Yine İbn Hazm ile Enes ibn Mâlik şöyle demişlerdir: Peygamber (sallallahü aleyhi ve sellem) şöyle buyurdu:
” (O zaman) Allah, ümmetime elli namaz farz etti. Bu farzı yüklenerek döndüm. Derken Musa’ya rast geldim. Mûsâ:
— Allah ümmetine neyi farz etti? Diye sordu.
— Elli namaz farz etti, dedim.
— Rabb’ına dön, çünkü senin ümmetin buna takat getiremez, dedi.
Müracaat ettim. Allah bir kısmını indirdi. Ben yine Musa’nın yanına dönüp:
— Bir kısmını indirdi, dedim. O yine:
— Rabb’ına müracaat et, çünkü senin ümmetin takat getiremez, dedi.
Bir daha müracaat ettim. Allah bir kısmını daha indirdi. Musa’nın yanına yine döndüm. O yine:
— Rabb’ına dön. Zîrâ ümmetin buna takat getirmez, dedi. Bunun üzerine tekrar Allah’a müracaat ettim. Allah:
— “Onlar beştir ve yine onlar ellidir. Benim nezdimde söz tebdil olunamaz” buyurdu.

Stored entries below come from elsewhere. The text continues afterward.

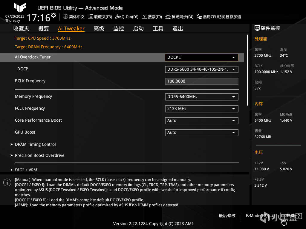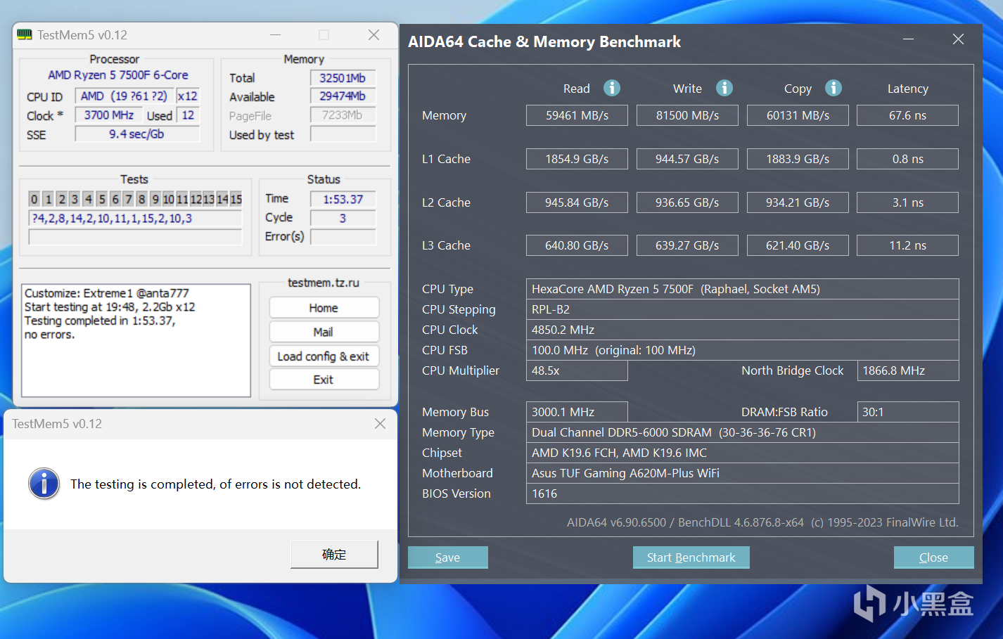 其二这款主板是能进行内存超频的,锐龙7000在同频情况下通常最多能超到DDR5-6400Mhz,不过得看CPU体质好坏。本次就以锐龙7000甜点频率进行测试吧,开启XMP后时序会调节至DDR5-6000C30-36-36-76,属于比较主流的参数设定。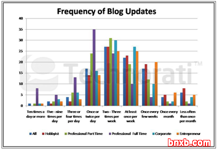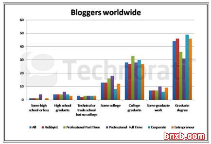 请注意Technorati上的数据偏重业余博主,即那些仅把博客作为娱乐工具而非盈利性目的的群体,而我侧重关注另外40%的群体,即有商业目的博主。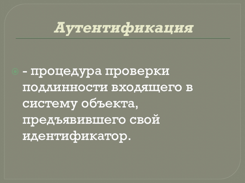 - процедура проверки подлинности входящего в систему объекта, предъявившего свой идентификатор.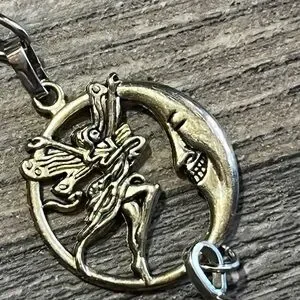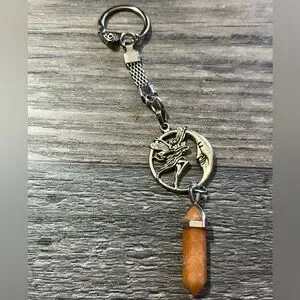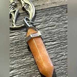 Elegant silver-tone pendant featuring a detailed fairy and crescent moon motif. Includes an orange point stone drop for a boho-chic accent. Lightweight and versatile for everyday or special occasion wear.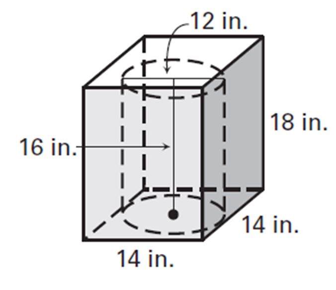 A cylindrical side table is packaged in the rectangular prism as shown. How much space is not taken up by the table inside the box?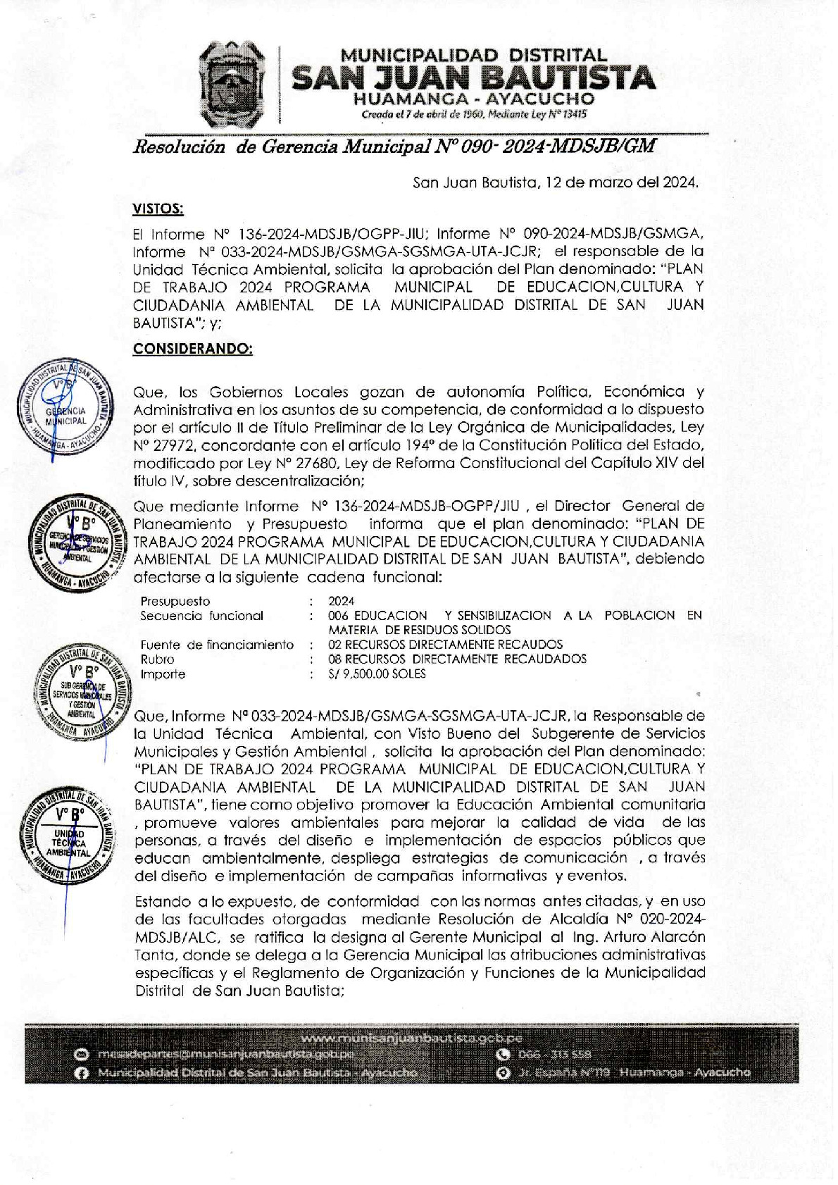La presente Resolución de Gerencia Municipal aprueba el Plan de Trabajo 2024 del Programa Municipal de Educación, Cultura y Ciudadanía Ambiental de la Municipalidad Distrital de San Juan Bautista-Huamanga (Ayacucho), con la finalidad de definir las actividades de educación, cultura y ciudadanía ambiental que se

Musa’nın yanına döndüm. O yine:
— Rabb’ına müracaat et, dedi. Ben de:
— Rabb’ımdan utanır oldum, dedim.
Sonra Cibril beni tâ Sidretu’l-Müntehâ’ya varıncaya kadar birlikte götürdü. Sidre’yi öyle acîb renkler kaplamıştı ki, onlar nedir bilemem. Sonra cennete girdirildim ki içinde birçok inci dizileri vardı, toprağı da misk idi.”